Every entry should be repeated exactly. Omit the pictures.

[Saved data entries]
━━━━━━━━

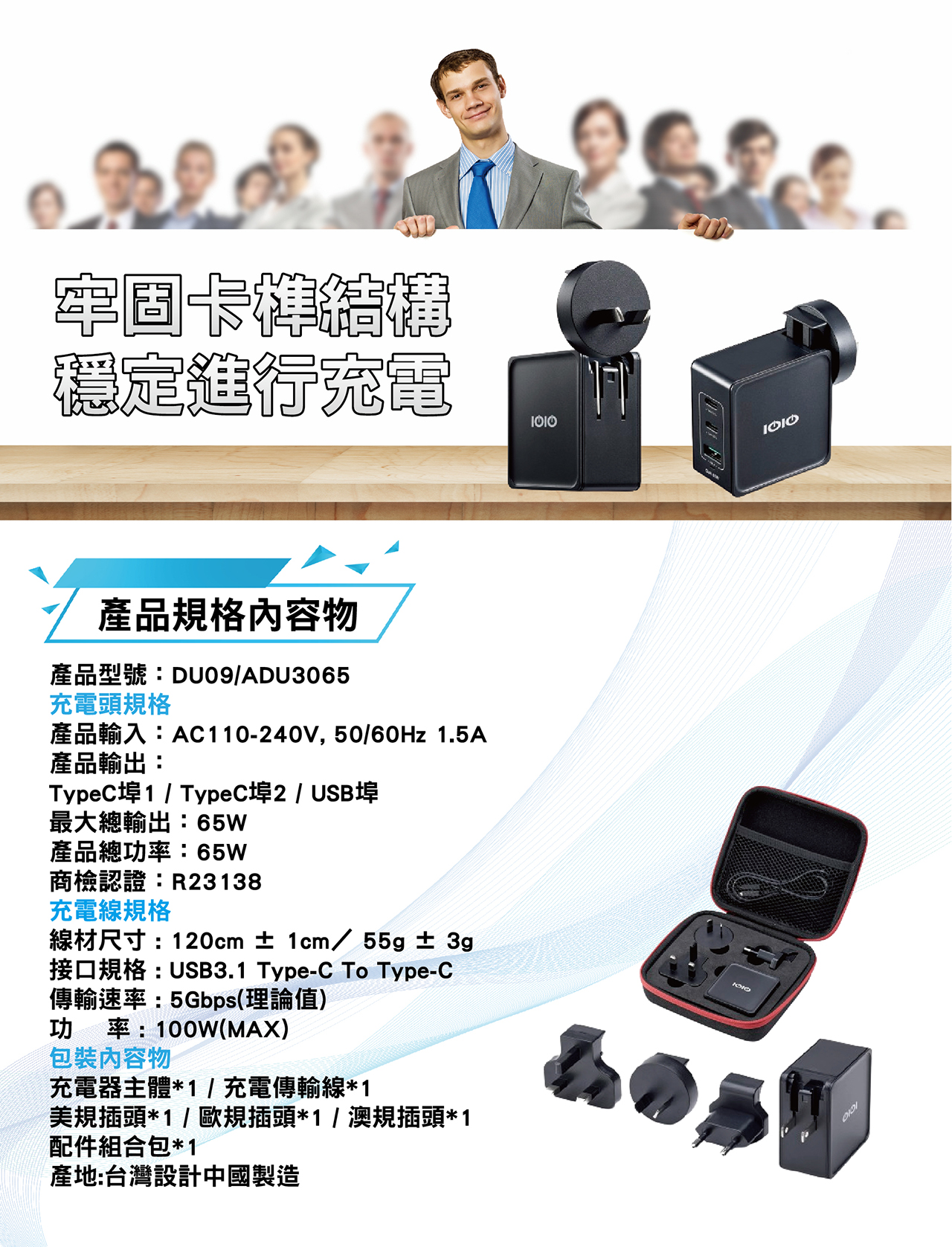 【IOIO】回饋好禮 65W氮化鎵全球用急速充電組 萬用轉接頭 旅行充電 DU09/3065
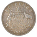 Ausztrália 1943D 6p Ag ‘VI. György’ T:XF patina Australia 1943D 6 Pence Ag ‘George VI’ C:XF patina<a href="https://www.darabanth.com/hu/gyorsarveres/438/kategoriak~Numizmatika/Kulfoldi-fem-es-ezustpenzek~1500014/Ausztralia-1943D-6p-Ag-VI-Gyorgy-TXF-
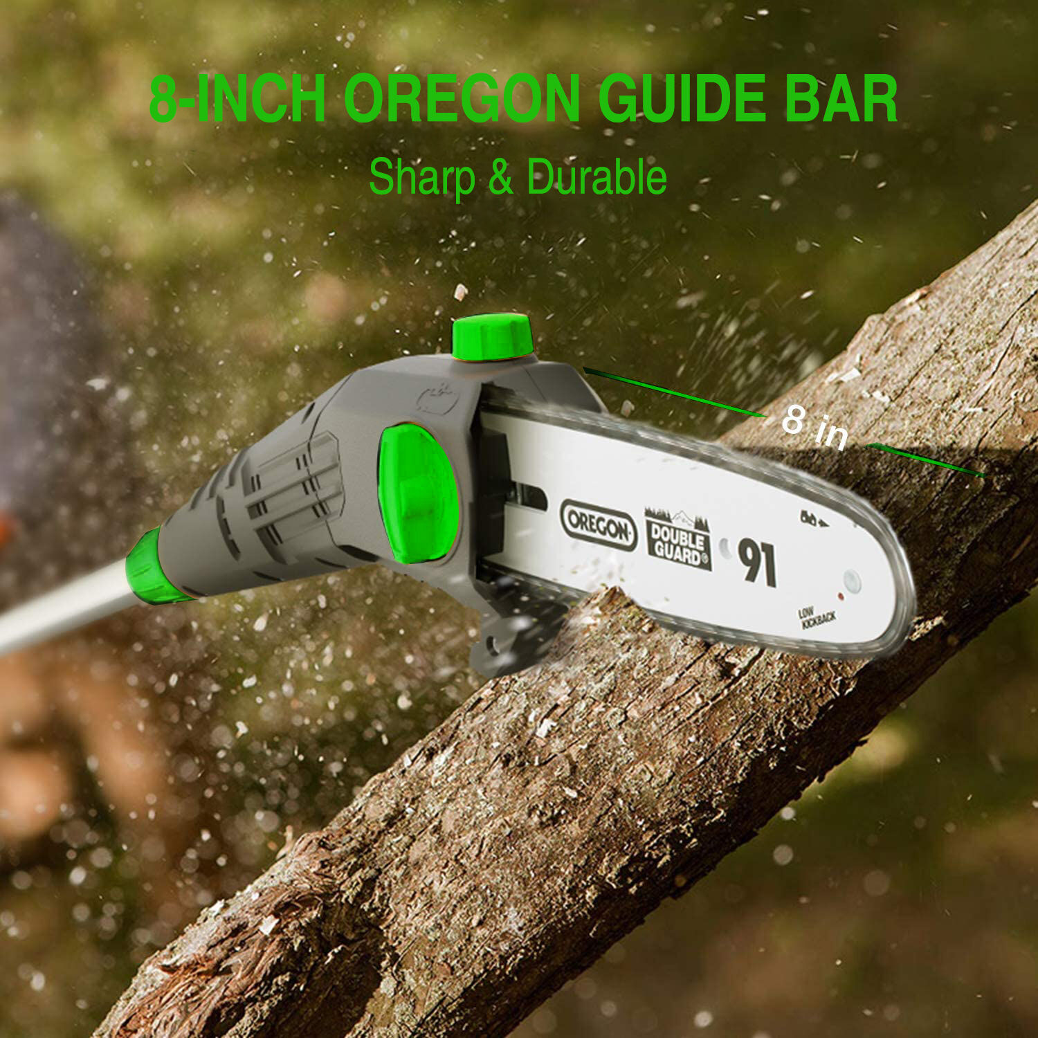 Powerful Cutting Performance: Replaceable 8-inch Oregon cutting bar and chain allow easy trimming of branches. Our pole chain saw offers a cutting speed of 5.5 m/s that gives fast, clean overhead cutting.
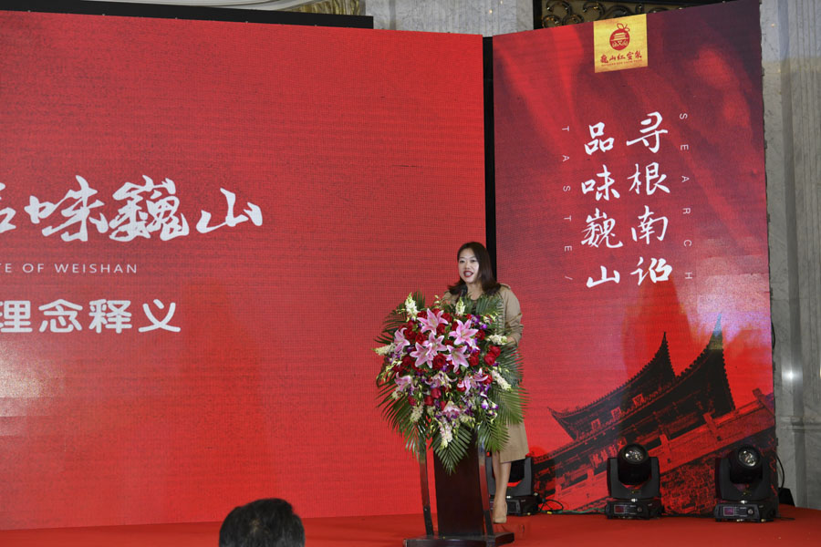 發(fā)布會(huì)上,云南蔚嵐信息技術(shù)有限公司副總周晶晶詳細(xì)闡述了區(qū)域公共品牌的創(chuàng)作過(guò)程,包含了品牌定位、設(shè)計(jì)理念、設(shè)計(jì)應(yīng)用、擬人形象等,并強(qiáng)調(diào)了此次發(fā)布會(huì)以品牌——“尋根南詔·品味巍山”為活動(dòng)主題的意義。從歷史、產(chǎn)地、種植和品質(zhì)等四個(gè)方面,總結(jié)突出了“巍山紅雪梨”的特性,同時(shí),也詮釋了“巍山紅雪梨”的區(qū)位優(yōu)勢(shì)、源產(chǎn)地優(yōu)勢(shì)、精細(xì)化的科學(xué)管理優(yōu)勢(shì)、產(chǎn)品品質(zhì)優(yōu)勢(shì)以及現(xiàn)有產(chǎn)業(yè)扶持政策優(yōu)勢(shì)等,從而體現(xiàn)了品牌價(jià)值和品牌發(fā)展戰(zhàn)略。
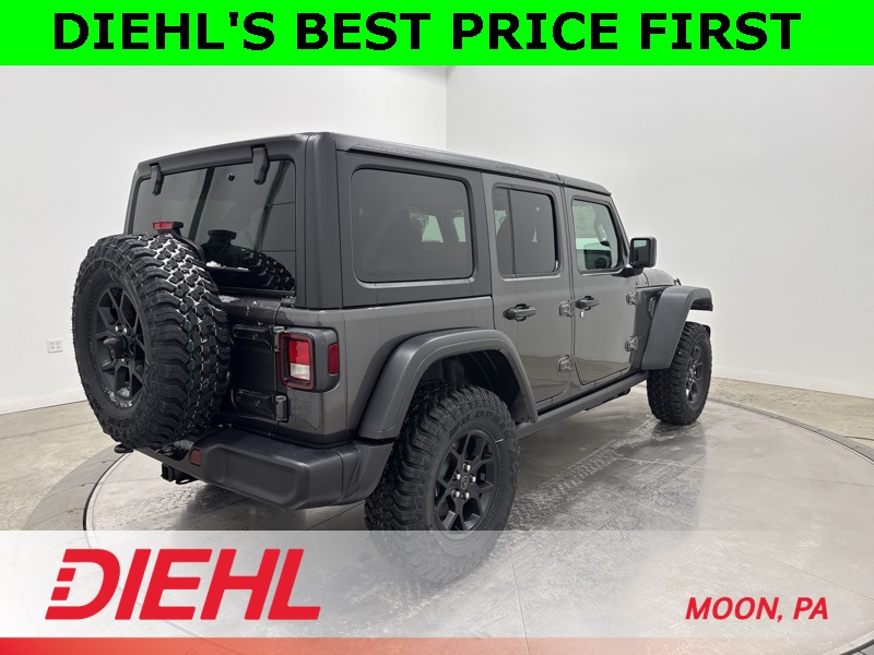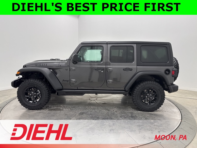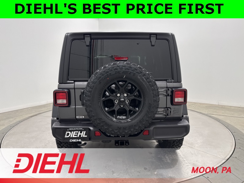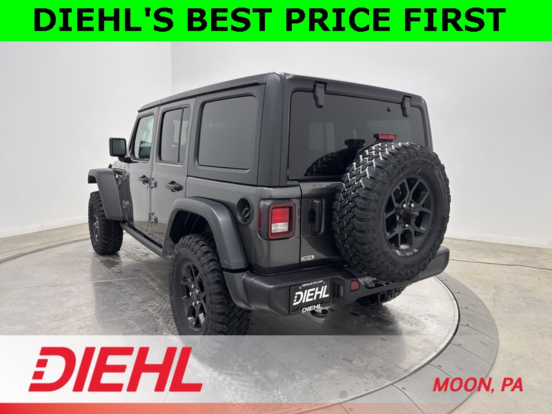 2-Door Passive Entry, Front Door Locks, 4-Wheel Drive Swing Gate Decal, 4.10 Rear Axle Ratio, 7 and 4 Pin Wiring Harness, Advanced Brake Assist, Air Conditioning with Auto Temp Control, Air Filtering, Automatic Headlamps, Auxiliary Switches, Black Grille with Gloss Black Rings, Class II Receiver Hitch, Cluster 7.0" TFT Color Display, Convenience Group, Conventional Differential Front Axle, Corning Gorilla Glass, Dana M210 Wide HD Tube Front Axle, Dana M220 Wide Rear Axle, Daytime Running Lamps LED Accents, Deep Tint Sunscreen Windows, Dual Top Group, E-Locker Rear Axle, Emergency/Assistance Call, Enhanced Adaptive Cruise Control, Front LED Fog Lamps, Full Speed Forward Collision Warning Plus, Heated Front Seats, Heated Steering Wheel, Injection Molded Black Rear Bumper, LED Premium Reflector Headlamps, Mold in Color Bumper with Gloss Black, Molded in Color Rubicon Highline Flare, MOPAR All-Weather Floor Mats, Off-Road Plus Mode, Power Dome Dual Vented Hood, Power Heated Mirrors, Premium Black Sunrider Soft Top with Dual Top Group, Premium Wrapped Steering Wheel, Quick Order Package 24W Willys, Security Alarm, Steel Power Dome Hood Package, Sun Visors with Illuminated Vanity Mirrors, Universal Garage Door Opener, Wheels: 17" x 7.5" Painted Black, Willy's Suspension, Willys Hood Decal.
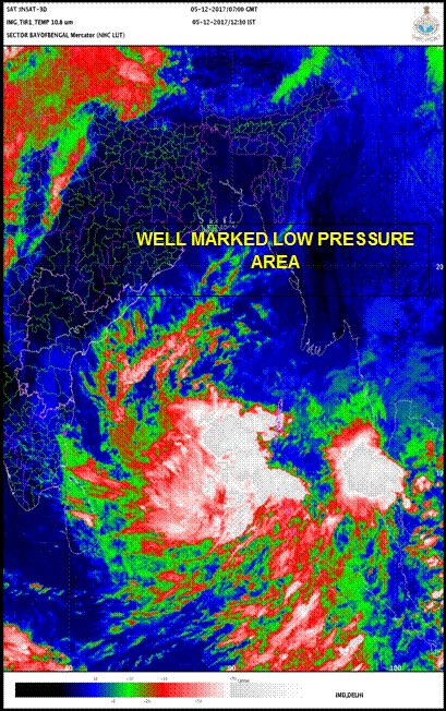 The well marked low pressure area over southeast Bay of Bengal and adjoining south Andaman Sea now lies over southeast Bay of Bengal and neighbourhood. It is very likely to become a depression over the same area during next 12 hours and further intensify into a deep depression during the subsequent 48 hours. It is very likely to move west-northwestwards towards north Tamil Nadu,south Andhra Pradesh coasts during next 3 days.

━━━━━━━━

◆ RESULT OF THE EXERCISE ◆
 【IOIO】回饋好禮 65W氮化鎵全球用急速充電組 萬用轉接頭 旅行充電 DU09/3065
 Ausztrália 1943D 6p Ag ‘VI. György’ T:XF patina Australia 1943D 6 Pence Ag ‘George VI’ C:XF patina<a href="https://www.darabanth.com/hu/gyorsarveres/438/kategoriak~Numizmatika/Kulfoldi-fem-es-ezustpenzek~1500014/Ausztralia-1943D-6p-Ag-VI-Gyorgy-TXF-
 Powerful Cutting Performance: Replaceable 8-inch Oregon cutting bar and chain allow easy trimming of branches. Our pole chain saw offers a cutting speed of 5.5 m/s that gives fast, clean overhead cutting.
 發(fā)布會(huì)上,云南蔚嵐信息技術(shù)有限公司副總周晶晶詳細(xì)闡述了區(qū)域公共品牌的創(chuàng)作過(guò)程,包含了品牌定位、設(shè)計(jì)理念、設(shè)計(jì)應(yīng)用、擬人形象等,并強(qiáng)調(diào)了此次發(fā)布會(huì)以品牌——“尋根南詔·品味巍山”為活動(dòng)主題的意義。從歷史、產(chǎn)地、種植和品質(zhì)等四個(gè)方面,總結(jié)突出了“巍山紅雪梨”的特性,同時(shí),也詮釋了“巍山紅雪梨”的區(qū)位優(yōu)勢(shì)、源產(chǎn)地優(yōu)勢(shì)、精細(xì)化的科學(xué)管理優(yōu)勢(shì)、產(chǎn)品品質(zhì)優(yōu)勢(shì)以及現(xiàn)有產(chǎn)業(yè)扶持政策優(yōu)勢(shì)等,從而體現(xiàn)了品牌價(jià)值和品牌發(fā)展戰(zhàn)略。
 2-Door Passive Entry, Front Door Locks, 4-Wheel Drive Swing Gate Decal, 4.10 Rear Axle Ratio, 7 and 4 Pin Wiring Harness, Advanced Brake Assist, Air Conditioning with Auto Temp Control, Air Filtering, Automatic Headlamps, Auxiliary Switches, Black Grille with Gloss Black Rings, Class II Receiver Hitch, Cluster 7.0" TFT Color Display, Convenience Group, Conventional Differential Front Axle, Corning Gorilla Glass, Dana M210 Wide HD Tube Front Axle, Dana M220 Wide Rear Axle, Daytime Running Lamps LED Accents, Deep Tint Sunscreen Windows, Dual Top Group, E-Locker Rear Axle, Emergency/Assistance Call, Enhanced Adaptive Cruise Control, Front LED Fog Lamps, Full Speed Forward Collision Warning Plus, Heated Front Seats, Heated Steering Wheel, Injection Molded Black Rear Bumper, LED Premium Reflector Headlamps, Mold in Color Bumper with Gloss Black, Molded in Color Rubicon Highline Flare, MOPAR All-Weather Floor Mats, Off-Road Plus Mode, Power Dome Dual Vented Hood, Power Heated Mirrors, Premium Black Sunrider Soft Top with Dual Top Group, Premium Wrapped Steering Wheel, Quick Order Package 24W Willys, Security Alarm, Steel Power Dome Hood Package, Sun Visors with Illuminated Vanity Mirrors, Universal Garage Door Opener, Wheels: 17" x 7.5" Painted Black, Willy's Suspension, Willys Hood Decal.
 The well marked low pressure area over southeast Bay of Bengal and adjoining south Andaman Sea now lies over southeast Bay of Bengal and neighbourhood. It is very likely to become a depression over the same area during next 12 hours and further intensify into a deep depression during the subsequent 48 hours. It is very likely to move west-northwestwards towards north Tamil Nadu,south Andhra Pradesh coasts during next 3 days.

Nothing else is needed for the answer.